Strona:X de Montépin Dziecię nieszczęścia.djvu/92

Ta strona została skorygowana.

— A! mój drogi stryju — rzekła żywo — dziś jeszcze napiszę...
— A kiedy Berta — mówił dalej hrabia — będzie już mogła oprzeć się na silnem ramieniu uczciwego człowieka, będę spokojny... Bóg mnie zabierze, kiedy zechce...
— Nie zabierze cię jeszcze długo dla szczęścia nas wszystkich — odrzekła baronowa i po chwili milczenia szepnęła z widocznem zakłopotaniem:
— Pozwolisz mi, jenerale, zadać sobie jedno pytanie.
— I owszem!...
— I nie będziesz miał za złe, że się wtrącam!
— Nie wielka byłaby w tem moja zasługa... Ty nigdy nie dajesz powodu do strofowania.
— Czy stryj nie lęka się zbytecznego spoufalenia się Berty z panem Sebastyanem Gérardem?
— Jakto rozumiesz?...
Baronowa spuściła oczy.
— U młodych ludzi miłość powstaje tak prędko — szepnęła.
Głośnym i szczerym śmiechem wybuchnął jenerał.
— Oto się nie bój, moja droga — rzekł. W tem przesadzasz zbytnią ostrożnością... Żadnej obawy niema pod tym względem.
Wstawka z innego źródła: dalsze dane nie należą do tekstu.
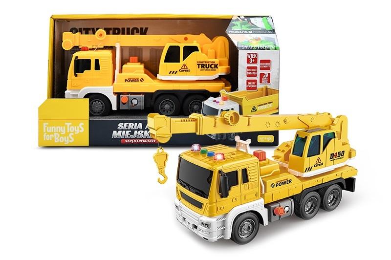 Funkcje: dźwięk pracy pojazdu, światło ostrzegawcze, ruchome ramię dźwigu.
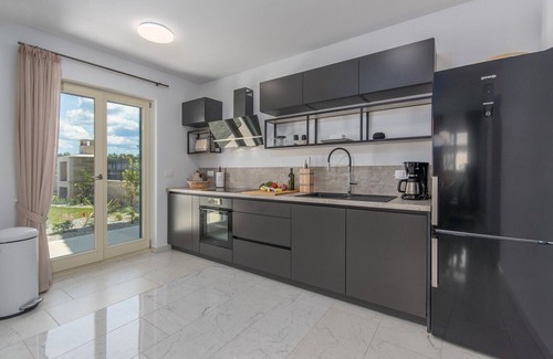 Beautiful, newly built family friendly villa with private pool for 6-8 people in Labinci. Ideal location for a peaceful and carefree holiday in Istria. The first beach in Poreč is located only 7 km away from the villa. The house spreads over two floors ( 144 m2). The ground floor has a kitchen, living room and one bedroom with a bathroom. On the first floor there are two bedrooms with balcony overlooking the sea in the distance. Each bedroom has its own bathroom. The house is fully air-conditioned. Outside the property you can find a beautifully landscaped and spacious garden with a barbecue, terrace and private pool (30 m2) which will delight its guests. Parking place is located inside the yard. A modern and comfortable interior with details of Istrian architecture will satisfy the most demanding guests. Pets and parties are not allowed..

Najprzód ta poufałość, która ci się wydaje niebezpieczną, wcale nie istnieje... Berta i Sebastyan nigdy nie są sami...
— A przecie zdaje mi się, że w tej chwili nawet, w ogrodzie...
— To po raz pierwszy — przerwał p. de Franoy, i słyszałaś, że Berta iść wcale nie chciała... Ha! ha!